Que reste-t-il de vie dans la zone interdite de Tchernobyl? A première vue, on pourrait être tenté de croire que la disparition de l’homme a permis a la nature de totalement reprendre le dessus. C’est l’impression qui se dégageait du reportage que Laure Noualhat avait ramené à Libé en 2004. Mais la situation est évidemment plus compliquée. Deux chercheurs relèvent dans Biology Letters (1) que la population d’insectes dans la zone d’exclusion a fortement diminué, d’autant plus que le niveau de radioactivité est élevé.
Anders Moller (Université Paris Sud, France) et Timothy Mousseau (Université de Caroline du Sud, Etats-Unis) on parcouru la région de Tchernobyl de part en part. Ils ont notamment parcouru des transects, des trajets en ligne, au cours desquels ils ont compté papillons, sauterelles, libellules bourdons et toiles d’araignées, tout en mesurant le niveau de radioactivité alpha, bêta et gamma au sol. En plus des transects, les deux chercheurs ont étudié sept cent sites différents, sur trois ans. Et éliminé les autres causes de variabilité dans les populations d’insecte dénombrées (type de sol, hauteur de végétation, force du vent etc.). Et bien évidemment conduit ces observations dans des régions plus ou moins contaminées, ainsi qu’en dehors de la zone d’exclusion dans des paysages considérés comme non contaminés.

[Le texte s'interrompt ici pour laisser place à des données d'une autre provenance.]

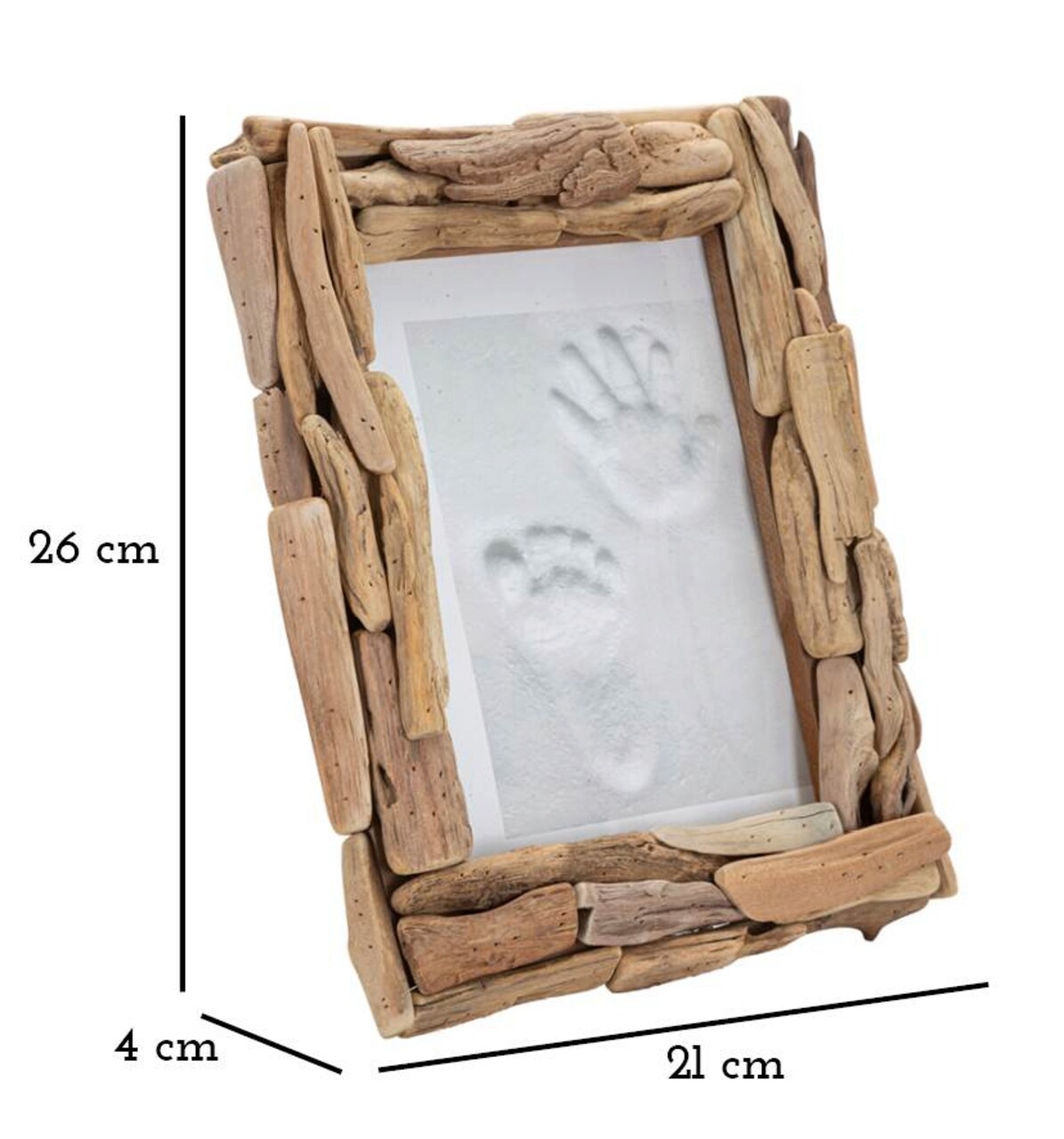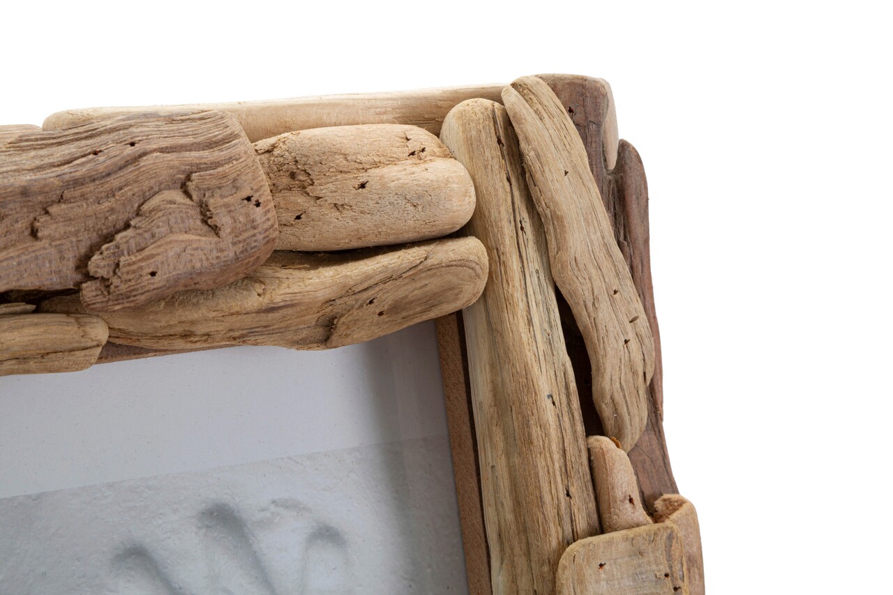Rama foto este realizata dintr-un set de dibluri de lemn de diferite forme si dimensiuni. Poate fi pozitionat atat pe orizontala, cat si pe verticala. Dimensiuni fotografie 15x20 cm.

Le verdict: il y a d’autant moins d’insectes que le niveau de radioactivité est élevé. Les deux chercheurs avaient déjà relevé en 2007 un phénomène analogue pour les populations d’oiseaux. Bien évidemment, ces travaux ne font pas l’unanimité. La BBC rappelait ce matin que Sergii Gashak, un chercheur du Chornobyl Center d’Ukraine, rejette les conclusions de ses collègues. Sur la base de leurs observations passées sur les oiseaux, il en conclut l’inverse, que ces oiseaux ont repris du poil de la bête et rappelle que le niveau de radioactivité avait déjà baissé d’un facteur cent à mille dix ans après l’accident.

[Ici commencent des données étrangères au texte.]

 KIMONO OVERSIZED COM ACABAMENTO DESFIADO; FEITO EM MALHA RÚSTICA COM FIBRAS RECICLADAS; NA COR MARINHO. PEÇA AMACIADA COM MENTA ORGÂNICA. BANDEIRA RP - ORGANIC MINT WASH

Le pire, c’est qu’il aura fallu en arriver là pour disposer d’un laboratoire naturel en vraie grandeur sur les conséquences d’une catastrophe dans l’industrie nucléaire.

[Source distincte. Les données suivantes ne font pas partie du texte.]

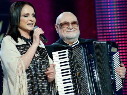 Стильная вышиванка Софии Ротару удачно сочеталась с бело-голубым «зенитовским» шарфиком Михаила Боярского

Je ne crois pas qu’il y a une réelle contradiction :
– les Invertébrés n’était guère démographiquement affectés par la présence humaine. Donc, le bilan est pour eux purement négatif ;
– lla grande faune, très peu prolifique, est démographiquement fantastiquement vulnérable à la chasse. Donc, quand bien même la radiocactivité causerait des malformations dès la naissance et induirait un certain taux de cancer, les uns et les autres vite éliminés par les prédateurs, le bilan démographique est positif.